Yesterday, Wideman was one of five Bruins (Tim Thomas, Tuukka Rask, Adam McQuaid, and Andy Wozniewski were the others) who practiced at Carleton University under the watch of assistant coach Doug Houda. Given Wideman’s journey and the way he practiced yesterday - without limitations, even taking an inadvertent elbow from McQuaid during battle drills - it’s a good bet the defenseman will be part of Boston’s blue-line six-pack tonight at Scotiabank Place against the Senators in the final match of a three-game road swing.

“Unless there’s a big setback, for me to come to Ottawa, I’d hope I’m playing,’’ Wideman said.

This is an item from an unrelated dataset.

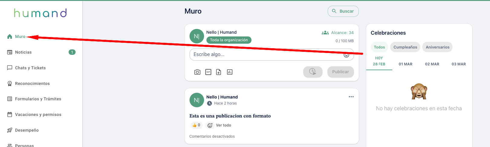 A continuación te explicamos cómo acceder al Muro de tu comunidad, ya sea desde Humand Web (PC) o desde Humand App: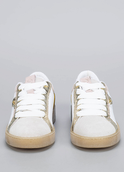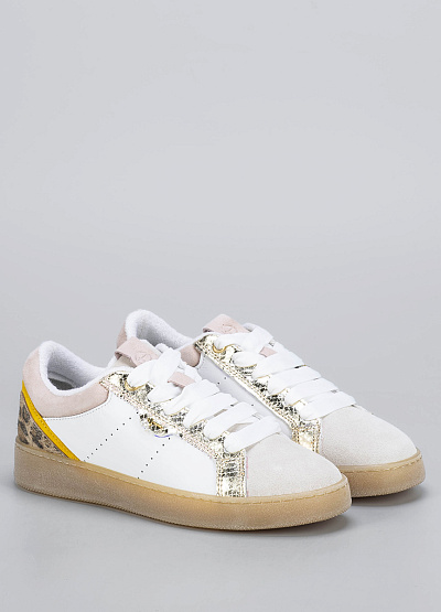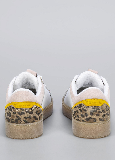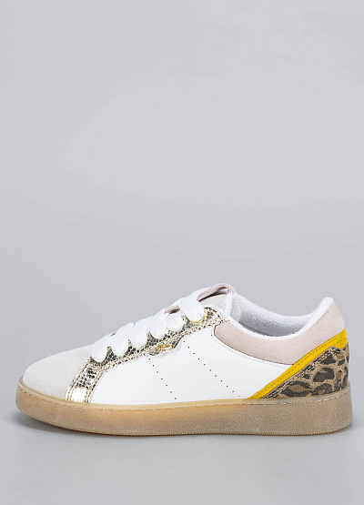 • Стильные и дерзкие женские кроссовки, сочетающие в себе комфорт и трендовый дизайн. Белый корпус дополнен золотистой вставкой и акцентом с леопардовым принтом на пятке. Яркая жёлтая линия добавляет динамики и делает модель запоминающейся. Удобная шнуровка и мягкая внутренняя отделка обеспечивают комфорт в течение всего дня. Идеальны для повседневных образов, прогулок, путешествий и стильных выходов в город.

Wideman stayed back in Boston for Friday night’s 5-4 shootout loss in Chicago. He was in suit and tie for Saturday night’s 2-0 setback against the Maple Leafs, courtesy of an undisclosed injury that cropped up last Monday during the Bruins’ 3-1 loss to Philadelphia at TD Garden. In the first period, while killing a five-on-three power play, Wideman took a Mike Richards blast off the foot. Wideman skated several shifts in the second period, but he wasn’t seen in the third. Wideman said the injury was not related to the blocked shot.

Wideman stayed off the ice last Tuesday and Wednesday. He skated by himself Thursday, Friday, and Saturday, then traveled to Toronto. Wideman practiced for just under an hour yesterday.

“Everything was good [yesterday],’’ said Wideman, who missed three games in October because of a shoulder injury.

Wideman’s return should aid a defensive corps that’s taken significant hits lately. Mark Stuart broke his sternum last Monday against the Flyers. Derek Morris sat out his first game of the season against Toronto. So Saturday night, the Bruins dressed recent call-ups Wozniewski and McQuaid and their former No. 7 defenseman in Johnny Boychuk.

The undermanned D, however, wasn’t a problem in Toronto. Andrew Ference led all Bruins with 28:22 of ice time, while Zdeno Chara (26:45) neutralized Phil Kessel yet again. Instead, the Bruins couldn’t generate many scoring chances on Jonas Gustavsson. Wideman, as one of the team’s better puck-moving defensemen, could help kick-start the offense from the back end tonight.

“Obviously we didn’t score any goals,’’ Wideman said. “We looked a little flat. But the Ds that stepped in played well. Boychuk played well. Ference really picked up his game. When Wozniewski and McQuaid were out there, they did a good job.’’

Fitting right in
As expected for a player making his NHL debut, McQuaid felt nervous during warm-ups and in his first few shifts at the Air Canada Centre. But the stay-at-home defenseman didn’t look out of sorts, recording two shots and blocking two pucks in 9:42 of ice time.

“Pretty good,’’ McQuaid said with a smile about his first big-league experience. “It was pretty exciting to get to play in that atmosphere.’’

In all, McQuaid, a native of Charlottetown, Prince Edward Island, had 22 guests in attendance. His parents and brother flew in from PEI. His friends and billet family from Sudbury, where he played juniors, also made it to the game.

“It’s a faster pace,’’ McQuaid said of the NHL game. “There’s not as much running around. Guys are in position a lot more. When you look up, there aren’t too many options.’’

Interesting stuff
Friday at Scotiabank Place, the visiting Wild lost much of their gear when a fire broke out in their equipment truck. The guess is that a blowtorch, a fixture around any dressing room (players use them to work on their sticks), accidentally turned on and touched off the blaze. The Wild’s training staff then went into scramble mode. They gathered any useable gear back in Minnesota, then flew it to Ottawa in time for Saturday night’s game. The Wild dropped a 4-1 decision.

“It would be tough,’’ Thomas said of playing without his usual equipment. “I’ve got enough old stuff that if I were allowed to go home and get it, it wouldn’t be fun - most of the stuff you have is so worn out that if you take a shot, it’s going to be pretty painful - but you could do it.’’

Thomas said he probably could play with new pads and a new blocker right away, although a two- or three-day break-in period would be ideal. But he said it takes him a while to break in pants, shoulder pads, and catching glove because they have flex points.